Violeta	enrojeció	brevemente.
—A	ver,	que	tampoco	es	para	tanto.	La	relación	aquella	estaba	condenada
de	todos	modos.	Lo	único	que	hice	fue	darme	una	alegría	al	cuerpo.	Además,
que	yo	no	soy	la	única.	Que	Rosa	bien	que	se	estuvo	tirando	a	Jose	todo	cuarto
de	carrera	mientras	Susana	estaba	de	Erasmus.
Rosa	abrió	la	boca	como	si	acabase	de	decir	algo	escandaloso.
—¡Eso	no	es	verdad!	Te…	te	dije	que	lo	mantuvieras	en	secreto	y	me	lo
prometiste.
—¿Qué	más	da?	Si	han	pasado	ya	muchísimos	años	y	Jose	y	Susana	ya	no
están	juntos.
—Igual	tuvo	algo	que	ver…	—dijo	Cristina.

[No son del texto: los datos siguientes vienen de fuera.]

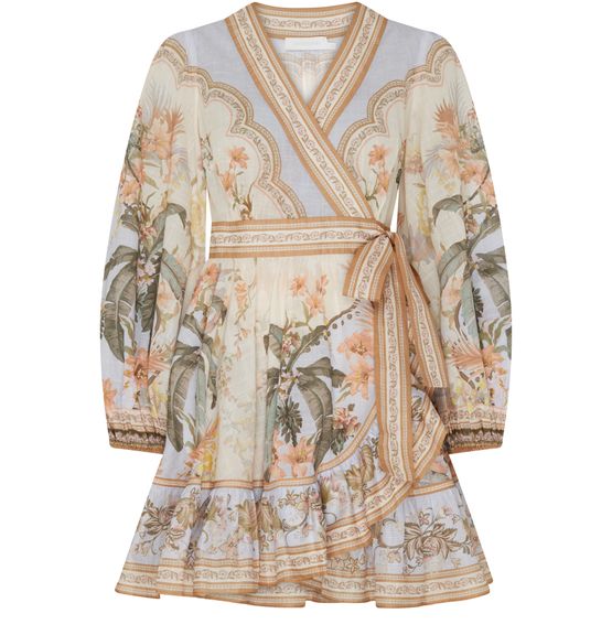 Zimmermann's Wylie mini dress showcases a chic wraparound design with a flattering v-neck and long-sleeved silhouette. Its all-over print adds a playful touch, while visible stitching enhances its artisanal charm. The appliquéd logo and a-line cut create an effortlessly stylish look, perfect for any occasion.

Martina	negó	con	la	cabeza.	Había	oído	antes	algo	parecido.	Violeta	se	lo
había	contado	una	noche,	años	atrás,	porque	le	había	llegado	el	cuento	de	que
Jose	y	Susana	acababan	de	cortar.	Violeta	decía	que	estaba	segura	de	que	Jose	y
Rosa	estaban	acostándose,	y	que	por	eso	Susana	le	había	puesto	las	maletas	en
la	calle.
Durante	 un	 instante,	 la	 voz	 de	 Sonia	 hablándole	 de	 las	 mentiras	 que
conllevaba	 la	 falta	de	valentía	en	una	 relación	monógama	 le	 llenó	 los	oídos.
Todos	 lo	 hacían.	 Todas	 lo	 hacían.	 Era	 un	 daño	 que	 podía	 evitarse	 si	 se
respetaba	la	confianza	que	se	depositaba	en	la	pareja,	o	si	se	llegaba	a	acuerdos
que	 beneficiasen	 a	 ambas	 partes.	 Engañar	 por	 engañar…	 ¿Qué	 estaban
haciendo?
—Oye,	 lista,	pues	 tú	bien	que	 te	arrimaste	a	Augusto	cuando	esta	nos	 lo
presentó	—soltó	Rosa	con	tono	herido.
Martina	se	quedó	sin	respiración.	Se	volvió	hacia	Violeta,	que	hacía	honor
a	su	nombre	y	se	ponía	de	todos	los	colores	frente	a	ella.
—¿Qué?	 ¿Cómo	 que…?	 ¡Violeta!	 —Su	 rostro	 hablaba	 de	 culpabilidad.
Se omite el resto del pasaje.